Envejece esta madre de siglos, Madre Tierra, Pacha Mama, al paso que continúa su viaje sideral por el seno del cosmos, en su lecho de enferma, en el carruaje del tiempo, madre de nuestro más cercano sino.
Varias son nuestras madres, tantas como vasta resulta ser nuestra orfandad. Muy cerca de mi piel, muy alerta en mi conciencia umbilical, la madre que me gestó en su útero de 9 meses. Enraizada en nuestro linaje simbólico, tejiendo su urdimbre de heredades, la madre ancestral que llaman Eva. Indescifrable en el término del tiempo, extraviada en lo más profundo del cosmos, la madre que dio origen al mundo, y que algunos llaman Big Bang, y que otros denominan Dios. Muchas otras madres por nombrar, pero ahora pienso en mi madre Tierra, nuestra Pacha Mama, la que aún nos acoge en su calido útero de siglos. De su vientre, el aire y el agua, líquido amniótico en el que por centurias nos hemos acunado y por el que sentimos la más honda nostalgia cuando viajamos más allá de las fronteras de ese fragmento de paisaje en que se han tejido las más íntimas fibras de nuestras vidas.

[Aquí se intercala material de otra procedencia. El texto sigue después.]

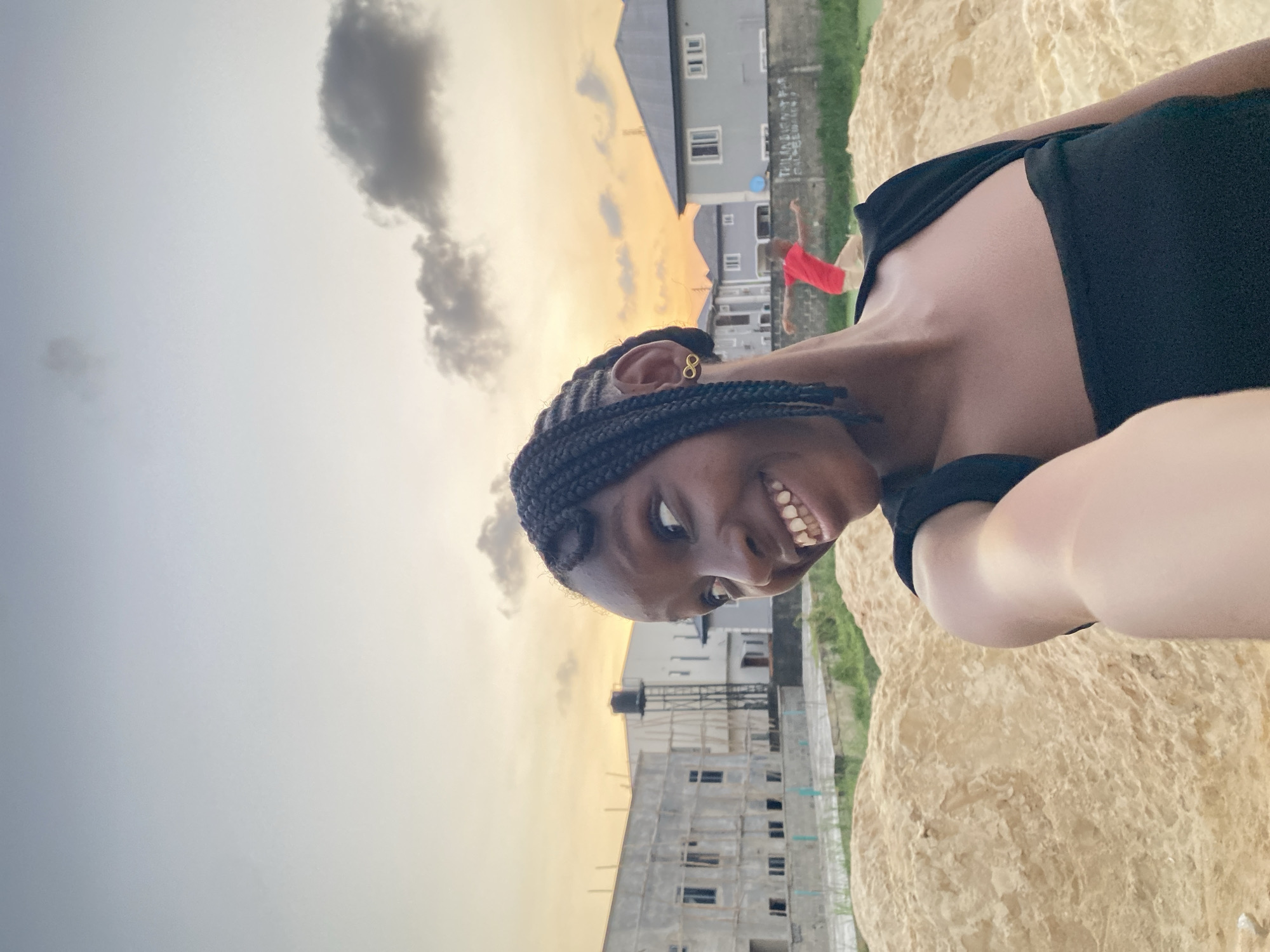 A young person with dark skin, braided hair, and a gold infinity symbol earring in their right ear, wears a black sleeveless top and smiles broadly while looking towards the upper right. Their right arm is partially visible on the left side of the frame. They are positioned in the foreground directly in front of a substantial pile of light brown sand. In the midground, a child in a red t-shirt and light-colored shorts is captured in motion with arms extended, behind a low concrete wall and a patch of green vegetation. The background depicts a residential area in Iranla, Nigeria, featuring a multi-story building under construction with exposed concrete and framed windows, a dark water tank on a tall metal stand, and several completed light grey and white residential houses with dark roofs. The sky, indicating either sunrise or sunset, displays hues of light blue, orange, and yellow with scattered grey clouds.
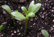 早いものは本葉を展開し始めました。若干、徒長気味になってきましたが、株はしっかりしています。 培土の表面が乾いたら底面給水による潅水を行っています。 |
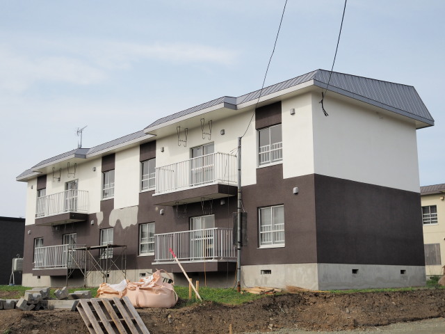 移住定住促進住宅の完成が近づいています。現在、入居者募集中です。元国家公務員宿舎には見えない、周囲の景観にもマッチした建物になりそうです。
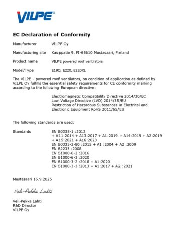 DECLARATION OF CONFORMITY E190, E220, E220XL Atsisiųsti Bendrinti nuorodą Nukopijuota! Siųsti nuorodą Sertifikatai
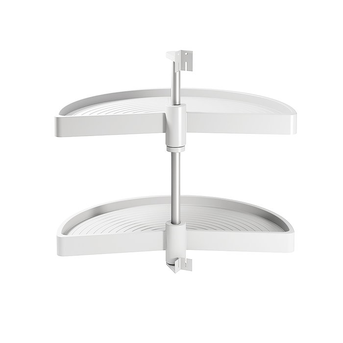 Bandejas giratorias media luna diseñadas para aprovechar el espacio en muebles rinconeros de cocina con forma de L. Son de fácil instalación y adaptables a diferentes alturas de módulos. Están disponibles para medidas de módulos de 800 mm y 900 mm y en acabados blanco y gris . El sistema está compuesto por 2 bandejas y accesorios de montaje fabricados de plástico reciclable, antiestático, de alta resistencia a impactos y a los rayos ultravioletas y por una barra central de aluminio en acabado anodizado mate. Tienen una capacidad de carga de 20kg por bandeja.
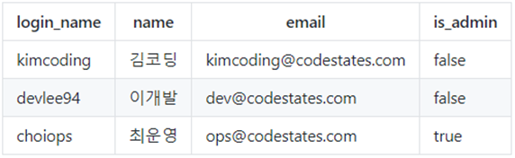데이터 모델은 앞서 언급한 바와 같이 표 형식으로 표현합니다. 사용자의 예시 :
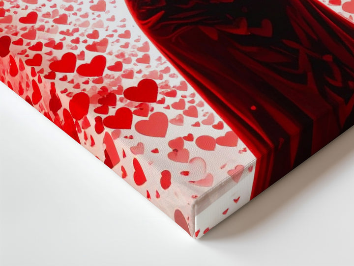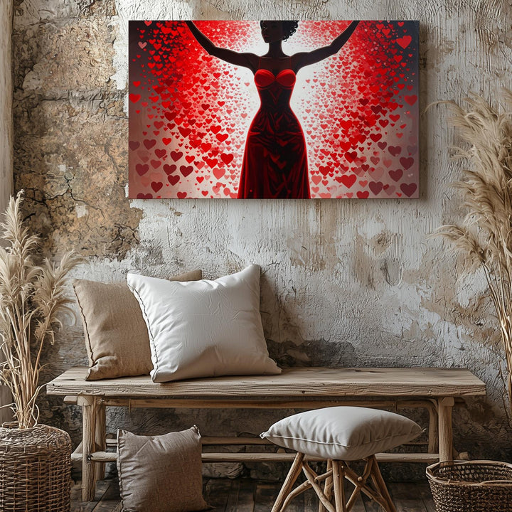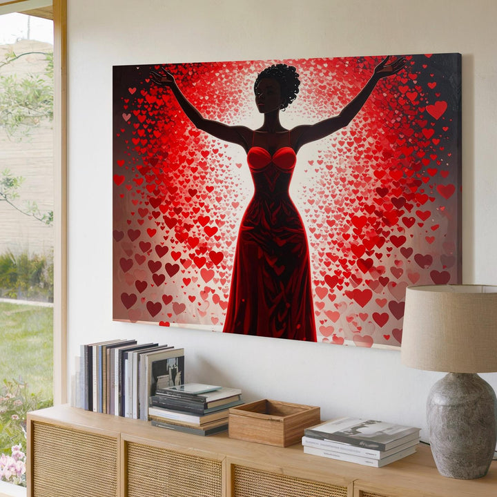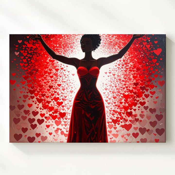 This striking canvas features a silhouette of a woman with her arms raised in joy, set against a glowing red background filled with an explosion of heart shapes. The woman’s flowing dress and the radiant burst of hearts evoke a sense of celebration, personal strength, and emotional liberation. The central red glow fades into darker tones at the edges, creating a dramatic vignette that enhances the intensity of the scene. This piece symbolizes love as a powerful, self-expressive force, bringing both emotional depth and vibrant energy to any space.
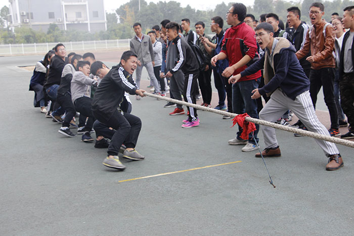 第一项赛程为拨河比赛,在第一回合比赛的哨声一响起,运动员们口中一起高呼着“一二,一二”, 双手紧握长绳,憋足了劲拼命往后拉,队伍两侧助阵加油声不绝于耳,恨不得抓起绳子和队员们一起努力!号子声、呐喊声,此起彼伏,飘荡在整个运动场场上空。
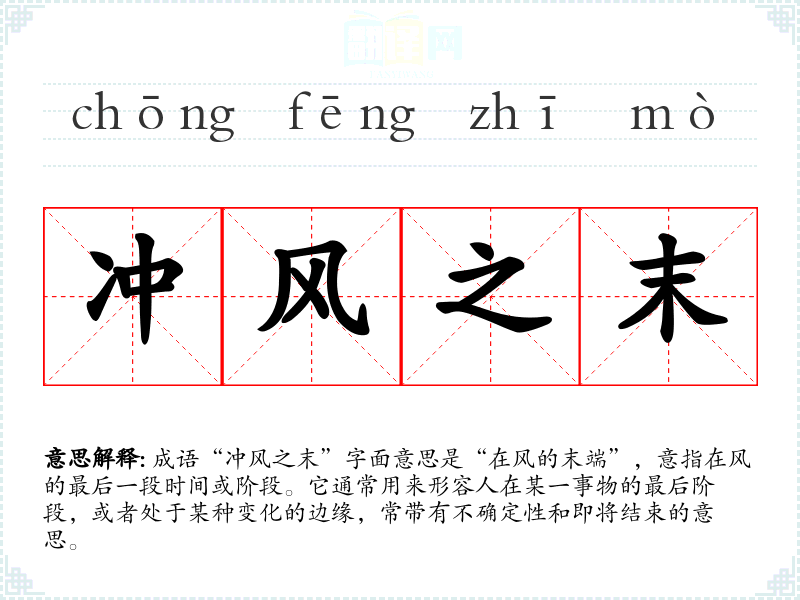 成语“冲风之末”字面意思是“在风的末端”,意指在风的最后一段时间或阶段。它通常用来形容人在某一事物的最后阶段,或者处于某种变化的边缘,常带有不确定性和即将结束的意思。
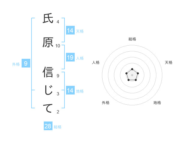 氏原 信じてさんの天格は14画の1点!

Tomo conciencia de la fugacidad del tiempo, hilandería paciente en el perenne tejido del cosmos. También a esta madre Tierra le van pesando los siglos, la noto avejentada al detener mis ojos sobre las más visibles huellas de su rostro. Llena de piercings y de arrugas, rascacielos y ciudades, su piel intervenida va perdiendo lozanía. Cuantos vellos arrancados de su dermis, frondosidad de bosques milenarios trastocados en desierto sobre los que se va haciendo visible, en un vago juego de luces y de sombras difuminadas, la irreversible excoriación de su piel. Las aguas de sus ojos, mar de mares, espejos de la vida, empañados con la impureza de sus lágrimas, lluvia ácida diluida en las fronteras del fuego. Los vestidos raídos de su capa de ozono ya no protegen a mi Pacha Mama de los inclementes castigos de su dios. La furia de Zeus, cual égida de sol, descarga sobre su cuerpo, sin piedad, su implacable rayo ultravioleta. Sufre de fiebres, calenturas y escalofríos mi madre Tierra. En una cascada de frío se deshacen los hilos hielo del blanco de su pelo y en espasmos de volcanes, huracanes y tsunamis su cuerpo se atormenta. Ya se asoma, en el indecible color difuminado de sus venas, la esclerosis, induración que va agotando la vitalidad de los que otrora fueran los ríos de su infancia. Su cuerpo de humores vírgenes, socavado hasta sus más hondas entrañas, se va derrumbando al tiempo que extraen sus más íntimas esencias de metales, oro negro, gleba y piedras.
Envejece esta madre de siglos, Madre Tierra, Pacha Mama, al paso que continúa su viaje sideral por el seno del cosmos, en su lecho de enferma, en el carruaje del tiempo, madre de nuestro más cercano sino.